Frequently asked questions
- What is a collar on UGL?
- A collar on UGL is the collar strategy applied to UGL (etf). The strategy is structurally neutral (protective): A collar pairs long stock with a protective out-of-the-money put financed by a short out-of-the-money call, capping both tails of the position around the current spot. With UGL etf trading near $57.24, the strikes shown on this page are snapped to the nearest listed UGL chain strike and the premiums come straight from the end-of-day bid/ask midpoint.
- How are UGL collar max profit and max loss calculated?
- Max profit roughly equals short-call strike minus cost basis plus net premium; max loss roughly equals cost basis minus long-put strike minus net premium. Breakeven shifts by the net premium.

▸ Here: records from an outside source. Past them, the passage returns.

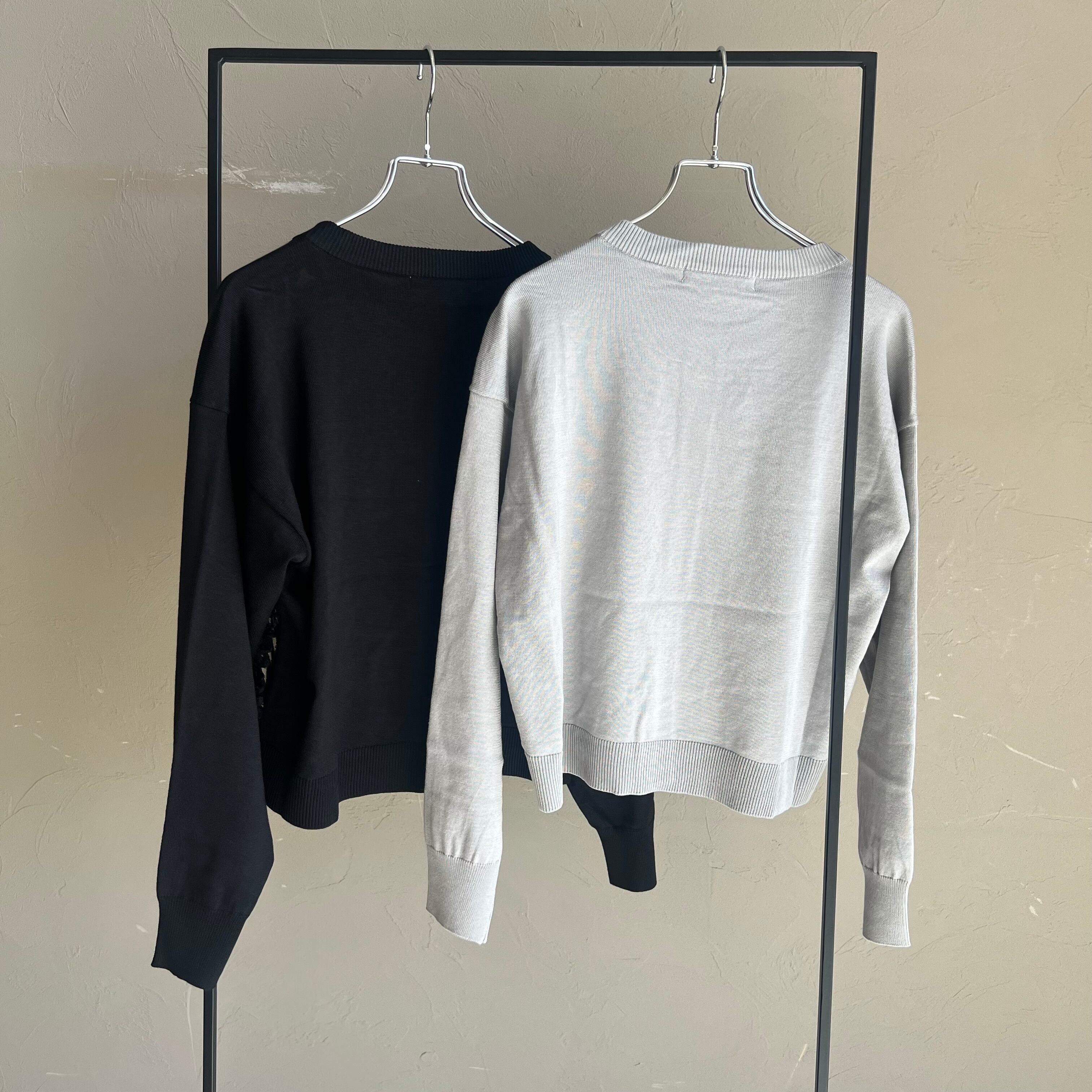 繊細なレース刺繍と軽やかなニット素材の切替デザインが、大人の洗練スタイルを演出します。
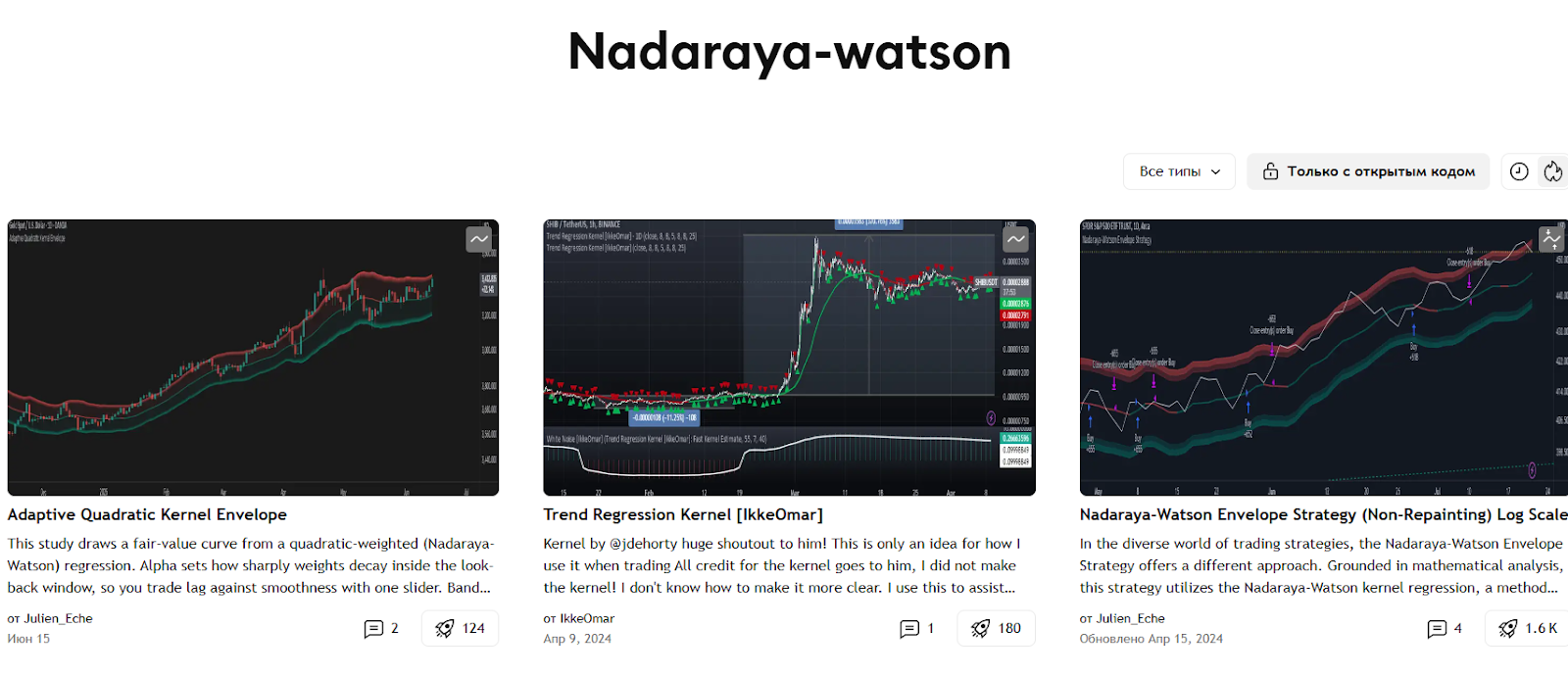 Со статьями и примерами использования инструмента можно ознакомиться на различных трейдинг-порталах и в блогах, однако почти все материалы на английском языке, как и инструкция на сайте LUX Algo, откуда индикатор загружается.Отзывы трейдеров о Nadaraya Watson Envelope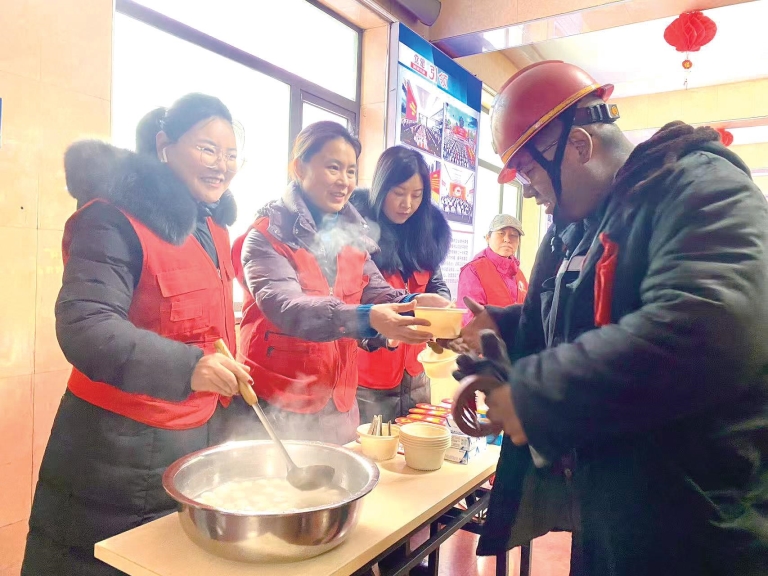 3月3日,华阳集团二矿在井口开展“迎元宵・送温暖”活动,女工家属协管员将一碗碗热气腾腾的汤圆送到刚升井的职工手中,叮嘱大家注意安全,并向他们送上元宵佳节的问候。图为活动现场。任锁生摄

For the UGL collar priced from the end-of-day chain at a 30-day expiry (ATM IV 47.40%), the computed maximum profit is $316.00 per contract and the computed maximum loss is -$284.00 per contract. Live intraday quotes will differ as the chain moves through the trading session.
- What is the breakeven for a UGL collar?
- The breakeven for the UGL collar priced on this page is roughly $56.84 at expiration, derived from end-of-day chain premiums. Breakeven is the underlying price at which the strategy's P&L crosses zero ignoring transaction costs and assignment risk. The current UGL market-implied 1-standard-deviation expected move is approximately 13.59%; if the move sits well outside the breakeven distance, the structure's risk-reward becomes correspondingly tighter.
- When should you consider a collar on UGL?
- Collars on UGL hedge an existing long UGL etf position; the long put sets a floor while the short call finances it, often run as a near-zero-cost hedge during expected volatility windows.
- How does current UGL implied volatility affect this collar?
- UGL ATM IV is at 47.40% with IV rank near 41.22%, which is mid-range against its 1-year history. Strategy selection depends more on directional thesis and expected move than on a strong IV signal.